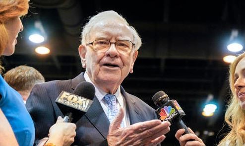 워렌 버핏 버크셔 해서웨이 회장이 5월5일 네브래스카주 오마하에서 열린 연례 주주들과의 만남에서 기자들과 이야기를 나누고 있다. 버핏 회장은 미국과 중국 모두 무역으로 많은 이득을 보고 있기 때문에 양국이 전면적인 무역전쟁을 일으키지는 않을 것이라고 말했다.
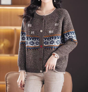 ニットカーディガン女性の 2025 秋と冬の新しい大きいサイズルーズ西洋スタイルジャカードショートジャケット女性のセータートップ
* * * * * * *
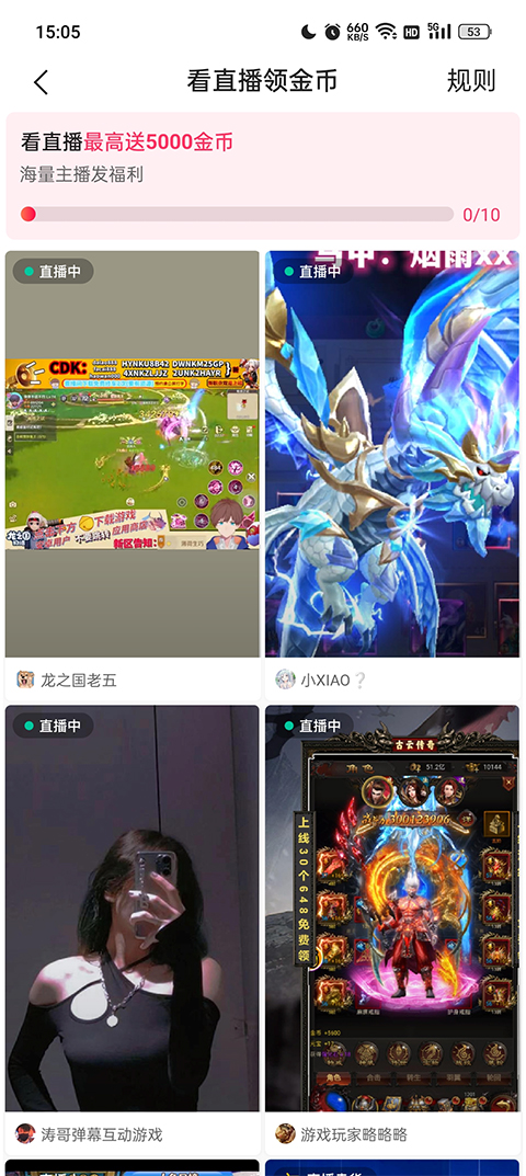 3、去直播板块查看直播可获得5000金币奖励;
* * * * * * *
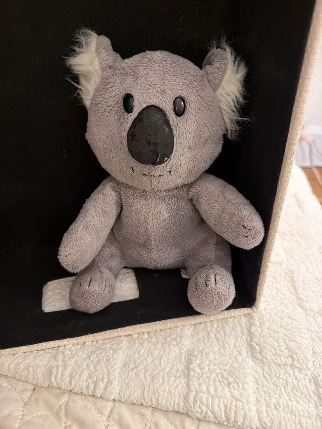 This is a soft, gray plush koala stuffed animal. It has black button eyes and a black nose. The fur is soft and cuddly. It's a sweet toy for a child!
* * * * * * *
**EXERCISE OBJECTIVE**
Your answer should be the exact lines above from the one containing "워렌 버핏 버크셔 해서웨이" through the one containing "ニットカーディガン女性の 2025 秋と冬の新しい大きいサイズルーズ西洋スタイルジャカードショートジャケット女性のセータートップ", with both end lines kept and the pictures removed, please.

**COMPLETED EXERCISE**
 워렌 버핏 버크셔 해서웨이 회장이 5월5일 네브래스카주 오마하에서 열린 연례 주주들과의 만남에서 기자들과 이야기를 나누고 있다. 버핏 회장은 미국과 중국 모두 무역으로 많은 이득을 보고 있기 때문에 양국이 전면적인 무역전쟁을 일으키지는 않을 것이라고 말했다.
 ニットカーディガン女性の 2025 秋と冬の新しい大きいサイズルーズ西洋スタイルジャカードショートジャケット女性のセータートップ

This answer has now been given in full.